Sunday, August 30, 2009
Eloise at the Eastern Bloc Plaza
The Hotel Pyramida looked like a giant cruise ship gone ashore on the side of a hill in Prague 6.
The pyramid-shaped monstrosity also looked like the love child of a bad conference hotel and a casino. This was my home for the month of July.
I felt like Eloise at the Eastern Bloc Plaza: riding up and down the elevators, calling the front desk at all hours with requests, and visiting the hotel restaurant for late-night snacks. Only the elevators were rattley steel-and-mirror death traps. The front desk rarely granted or solved my request. And the hotel restaurant had menu items like “Beef Goulash from the Military Kitchen of Archduke Leopold with bacon-flavored dumplings.”

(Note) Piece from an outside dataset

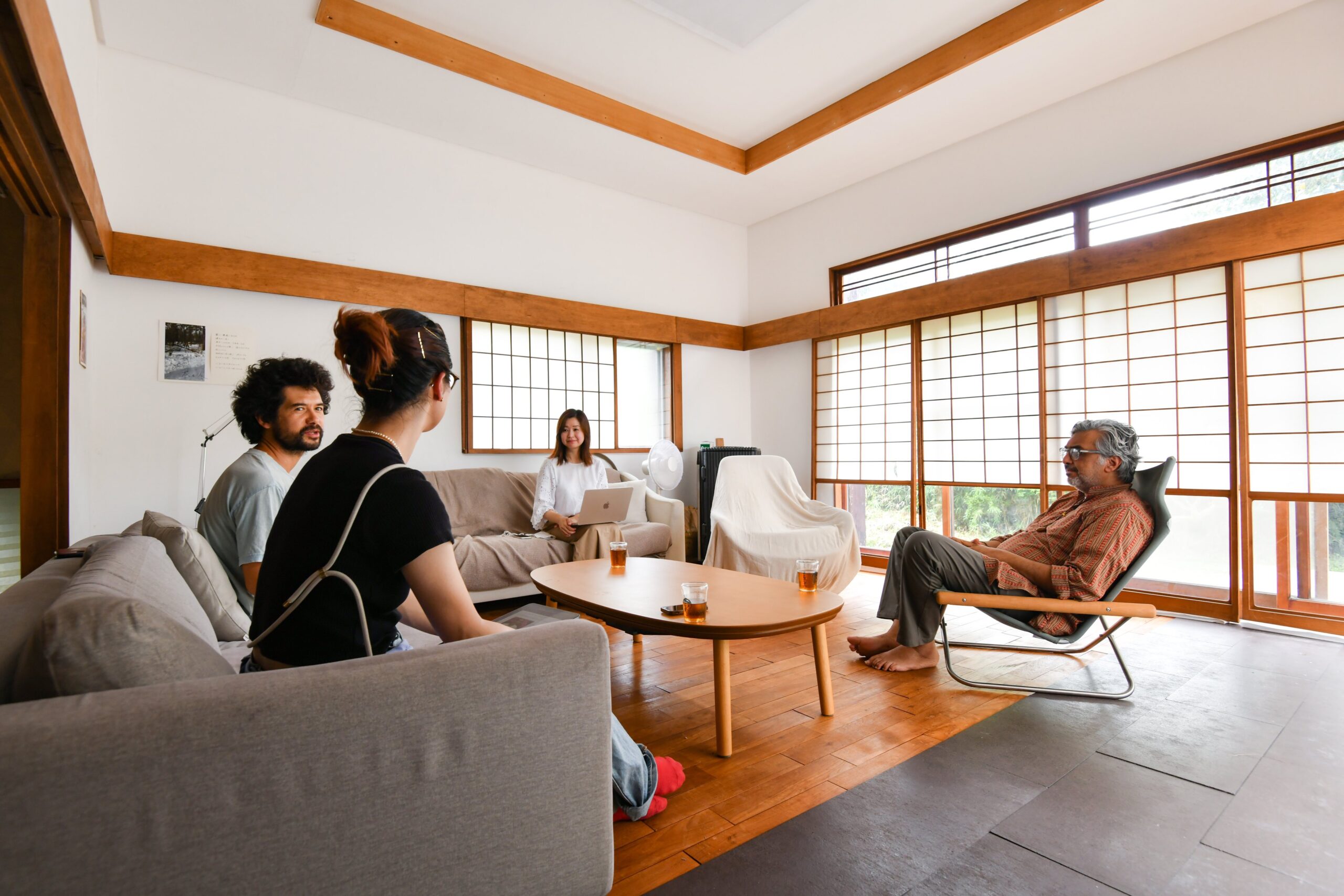 通訳として、自身もパーマカルチャーの学びの場を主催するソーヤー海(そーやー・かい)さん(写真左奥)にもご同席いただきながら、マニッシュさんとお話した

My room had ugly blue carpet, yellow-painted walls, faux-wood furniture marked with barcodes, a plastic-bound bible translated into four languages, and bedspreads that looked like fabric from a tea cosy.
Still, after my experience in Trieste at the Hotel Filoxenia, I’d set some basic standards for hotels and the Hotel Pyramida met all of these: clean, some view of the city, soap in the bathroom, free wireless, and a good location with easy access to public transport.
Here was the view from my window.
The hotel piped pop music into the lobby and breakfast room, so that while piling my plate with sausages, crepes, and potatoes, I heard:
Sara Bareilles - Love Song
Or…one of their favorites, played over and over though it was on the charts over a decade ago:
Suzanne Vega - Luka
With the Kafka café on the first floor—decorated on the wall by a black and white scene of Prague in which Kafka’s effigy was larger than most of the buildings—the hotel seemed to be making fun of itself, but the expressions on the women and men at reception were dead serious.
It might take six people to get one extra towel (reception consulted with the concierge who talked to the manager who called housekeeping who contacted the individual housekeepers who dispatched the task back to reception, who ferried the towel upstairs) or three people for a single Becherovka and tonic (a signature drink), but this was all in the service of a more authentic experience.
As Eloise at the Eastern Bloc Plaza, I was given the non-royal treatment all month long. The staff went out of their way to make me feel like one of the masses, part of the proletariat, a flea on the butt of a stoic black dog riding the 22 tram.
As long as I stayed there, they made sure that I was inconvenienced, uncomfortable, and impatient as much as possible. Welcome to the Hotel Pyramida.